(Beginning of Records provided)

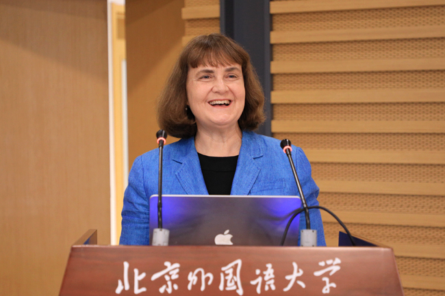 埃文斯感谢北外邀请其参加纪念会,感谢北外为马克林教授提供的温暖“大家庭”。她希望两校共同传承马克林教授的精神,赓续两校友谊,促进中澳学者交流及学术合作,携手创造更为广阔的未来。她表示,为祝贺马克林教授在华教学60周年,纪念两校长期友好合作的特殊意义,格里菲斯大学准备了一份特别贺礼--以北京外国语大学的名义认养一只澳大利亚国宝考拉熊,希望通过双方精心呵护,共同推动双方合作关系健康长久发展。
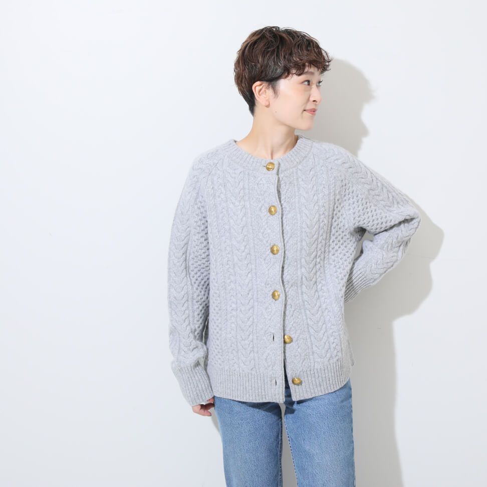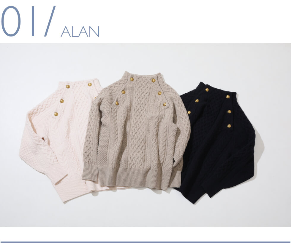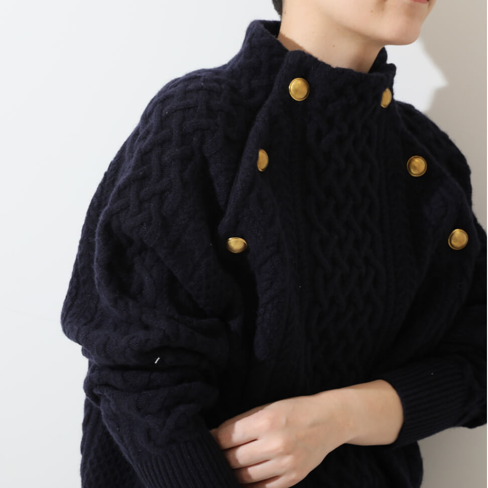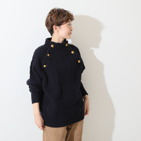 - 1枚であたたかく、表情豊かなアラン編みニット。目を引くゴールドのボタンがほっこりしたムードを回避し、絶妙なハイネックとのバランスも新鮮。知的なネイビーで大人トラッドにまとめたい。
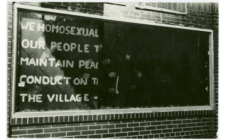 A photograph of the moderate Mattachine Society’s graffiti’d plea to shut down the Stonewall riots in 1969 in favor of passive, ‘peaceful’ protest. It didn’t work. From the Digital Public Library of America.
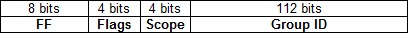 IPv6 multicast addresses start with FF00::/8. After the first 8 bits there are 4 bits which represent the flag fields that indicate the nature of specific multicast addresses. Next 4 bits indicate the scope of the IPv6 network for which the multicast traffic is intended. Routers use the scope field to determine whether multicast traffic can be forwarded. The remaining 112 bits of the address make up the multicast Group ID.
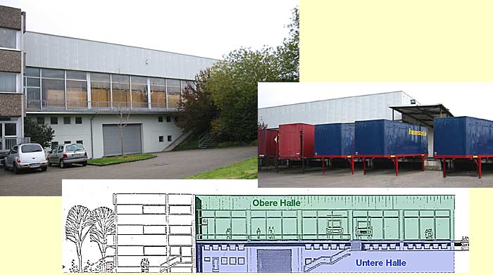 Zwei Hallengeschossflächen mit jeweils 1.200 qm Grundfläche bieten variable Nutzungsmöglichkeiten für Produktion, Lagerung oder Verkauf. Untere Halle Obere Halle
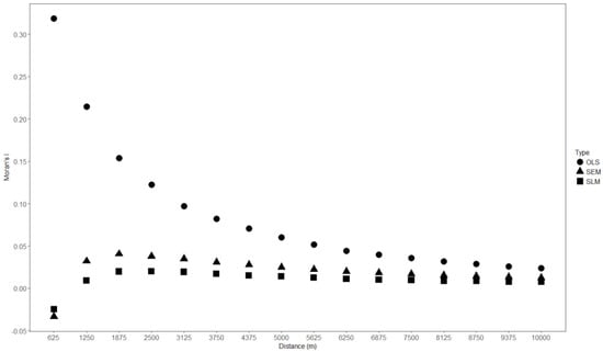 The spatial autocorrelation in the residuals of spatial lag and spatial error models weakened (Figure 6). Furthermore, the difference in their spatial autocorrelations was negligible. Compared to the spatial lag and spatial error models, the standard linear model had larger residuals with a positive spatial autocorrelation. For example, as seen in Table 8, more grids with a comparatively higher/lower original value of the residuals of the standard linear model are switched from positive/negative to negative/positive or less positive/negative. Therefore, the residuals of the spatial error model are considerably lower.

(End of Records provided)

Problem to work on -> Every record is to be repeated exactly, and no picture is carried over.

Exercise answer ->
 埃文斯感谢北外邀请其参加纪念会,感谢北外为马克林教授提供的温暖“大家庭”。她希望两校共同传承马克林教授的精神,赓续两校友谊,促进中澳学者交流及学术合作,携手创造更为广阔的未来。她表示,为祝贺马克林教授在华教学60周年,纪念两校长期友好合作的特殊意义,格里菲斯大学准备了一份特别贺礼--以北京外国语大学的名义认养一只澳大利亚国宝考拉熊,希望通过双方精心呵护,共同推动双方合作关系健康长久发展。
 - 1枚であたたかく、表情豊かなアラン編みニット。目を引くゴールドのボタンがほっこりしたムードを回避し、絶妙なハイネックとのバランスも新鮮。知的なネイビーで大人トラッドにまとめたい。
 A photograph of the moderate Mattachine Society’s graffiti’d plea to shut down the Stonewall riots in 1969 in favor of passive, ‘peaceful’ protest. It didn’t work. From the Digital Public Library of America.
 IPv6 multicast addresses start with FF00::/8. After the first 8 bits there are 4 bits which represent the flag fields that indicate the nature of specific multicast addresses. Next 4 bits indicate the scope of the IPv6 network for which the multicast traffic is intended. Routers use the scope field to determine whether multicast traffic can be forwarded. The remaining 112 bits of the address make up the multicast Group ID.
 Zwei Hallengeschossflächen mit jeweils 1.200 qm Grundfläche bieten variable Nutzungsmöglichkeiten für Produktion, Lagerung oder Verkauf. Untere Halle Obere Halle
 The spatial autocorrelation in the residuals of spatial lag and spatial error models weakened (Figure 6). Furthermore, the difference in their spatial autocorrelations was negligible. Compared to the spatial lag and spatial error models, the standard linear model had larger residuals with a positive spatial autocorrelation. For example, as seen in Table 8, more grids with a comparatively higher/lower original value of the residuals of the standard linear model are switched from positive/negative to negative/positive or less positive/negative. Therefore, the residuals of the spatial error model are considerably lower.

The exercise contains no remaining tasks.